Extracted records:
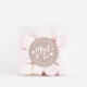 Punny wedding favor stickers feature "mint to be" in white hand lettered script accented with hearts, on a dusty rose pink taupe background. Personalize with your names and wedding date.
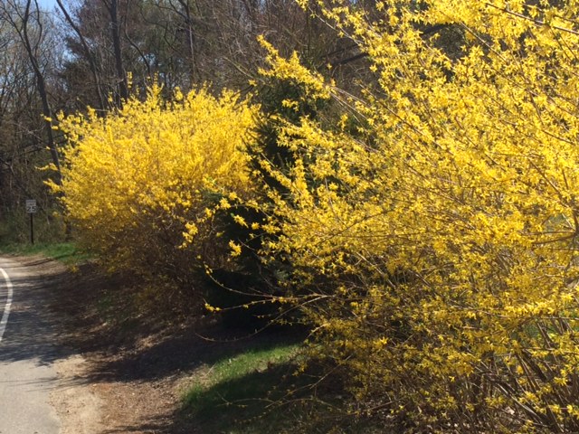 Second, I stopped along the road in York and asked a woman painting on a lawn ‘How will we live tomorrow?’ Marcye Newton responded, and invited me to visit the York Art Association, where they had a great show of Art in Bloom in honor of spring. Marcye’s thick, brilliant flowers resonated with me. They were almost as bright as the forsythia that is abundant, unruly, and at peak color as I move north.
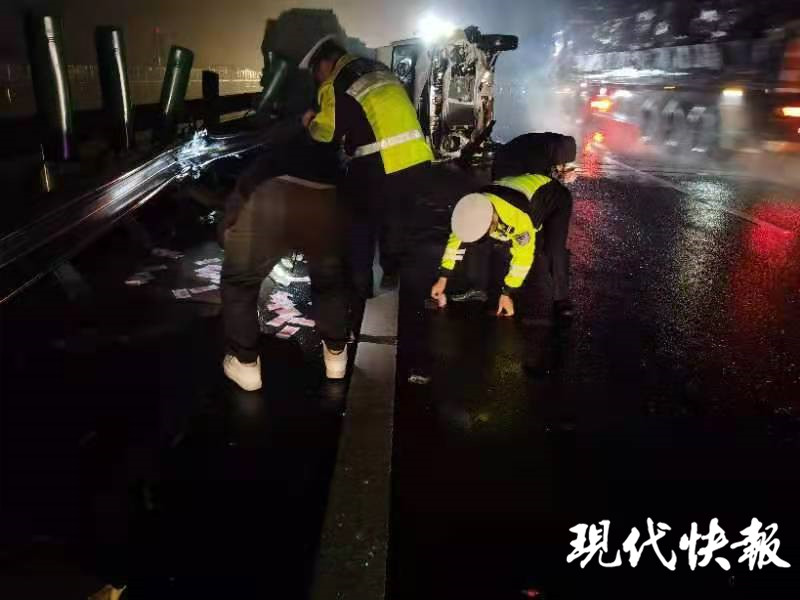 高速上追尾撒落一地百元大鈔 交警冒雨撿回三萬(wàn)多元
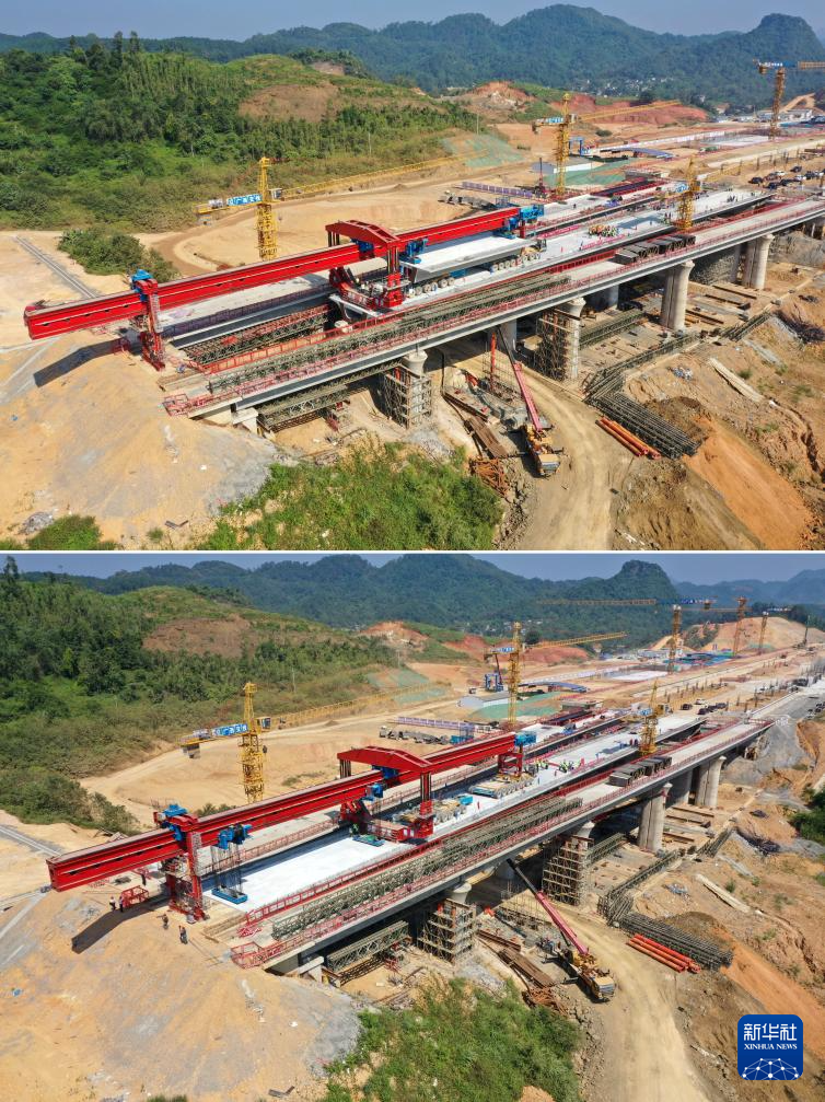 拼版照片:這是南憑高鐵憑祥東站出站五線大橋貫通前(上圖)后(下圖)場景(10月11日攝,無人機照片)。
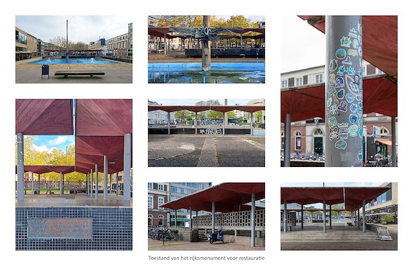 Het typische wederopbouwplein in het centrum van Arnhem was hard aan vernieuwing toe. Het plein krijgt een nieuwe ondergrond, er komt meer groen en de verlichting is verbeterd. Een belangrijk onderdeel van het plan was om de kenmerkende AKU-fontein, het bijbehorend bassin en de achtergelegen pergola weer prominenter in het zicht te brengen.

What you are asked to do → Set down each entry above exactly as it appears. Omit the pictures.

Finished exercise →
 Punny wedding favor stickers feature "mint to be" in white hand lettered script accented with hearts, on a dusty rose pink taupe background. Personalize with your names and wedding date.
 Second, I stopped along the road in York and asked a woman painting on a lawn ‘How will we live tomorrow?’ Marcye Newton responded, and invited me to visit the York Art Association, where they had a great show of Art in Bloom in honor of spring. Marcye’s thick, brilliant flowers resonated with me. They were almost as bright as the forsythia that is abundant, unruly, and at peak color as I move north.
 高速上追尾撒落一地百元大鈔 交警冒雨撿回三萬(wàn)多元
 拼版照片:這是南憑高鐵憑祥東站出站五線大橋貫通前(上圖)后(下圖)場景(10月11日攝,無人機照片)。
 Het typische wederopbouwplein in het centrum van Arnhem was hard aan vernieuwing toe. Het plein krijgt een nieuwe ondergrond, er komt meer groen en de verlichting is verbeterd. Een belangrijk onderdeel van het plan was om de kenmerkende AKU-fontein, het bijbehorend bassin en de achtergelegen pergola weer prominenter in het zicht te brengen.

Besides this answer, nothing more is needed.